Situations arise during individuals processes in recovery that often remind them of their deepest emotional wounds, or as Teal Swan says, "the unhealed parts of our being." Sometimes this is hardest to face.

But the messenger that Teal Swan speaks of is actually a gift. The challenge and opportunity in recovery is to see the gift and open (to) it.

The messenger gives us an opportunity to take our healing to the next level.
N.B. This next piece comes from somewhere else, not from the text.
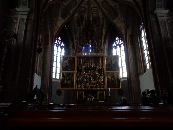 Irgendwie hat es die Bergwacht wieder geschafft, einen Geländewagen hier herauf zu bringen. Es wird flacher. Hier heroben hat im 10. Jhdt. der heilige Wolfgang ein paar Jahre als Einsiedler gelebt, die Fundamente seiner Klause wurden bereits gefunden. 400 Jahre später war hier eine der bedeutendsten Wallfahrtsstätten Europas, ab dem 17. Jhdt. gab es eine bewirtschaftete Pilgerraststätte. Archäologen haben bereits Rekonstruktionen davon erstellt und es wird weiter geforscht. Zahlreiche Glasgefäße, die zur Einsiedelei gehörten, sind schon im Museum.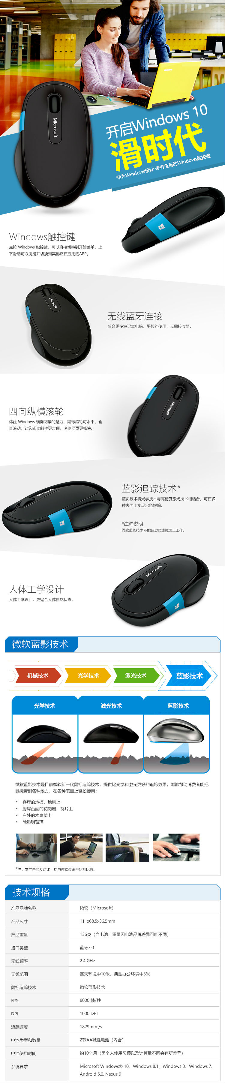 商品名称:微软 (Microsoft) Sculpt舒适滑控鼠标 黑色 无线蓝牙 纵横滚轮 Windows触控键

An opportunity to face those darkest shadows and corners, and evolve to a level of recovery like never before.

It may shake us at our core at first, but once we descend deeper into our unhealed parts, we often realize that the "shaking up"  is an illusion. We are only shaken up if we buy into the old stories; that part that is crying out to be healed.

The goal is to listen to the message and see if you can tap into that part of you that feels really afraid, hurt, rejected, sad, pained. See if you can come to your own aid, or if you are able to reach out to those people you know will be there for you. There are so many of us here for you.

When we are able to take the message to heart and go into those feared places, we recover. WE HEAL.

Change is hard; there is no doubt about it. But it is inevitable and always occurring. It is truly the only constant in our world. Without change, we would still be flailing around in our addictions.

Today, please see if you can really understand what your "messenger" is trying to tell you. What unhealed parts of your being have you been too afraid to explore?

Know that you are never alone. You are surrounded by those who love and care about you, and want you to recover whole-heartedly.

And, as always, without a shadow of a doubt, YOU ARE WORTH IT.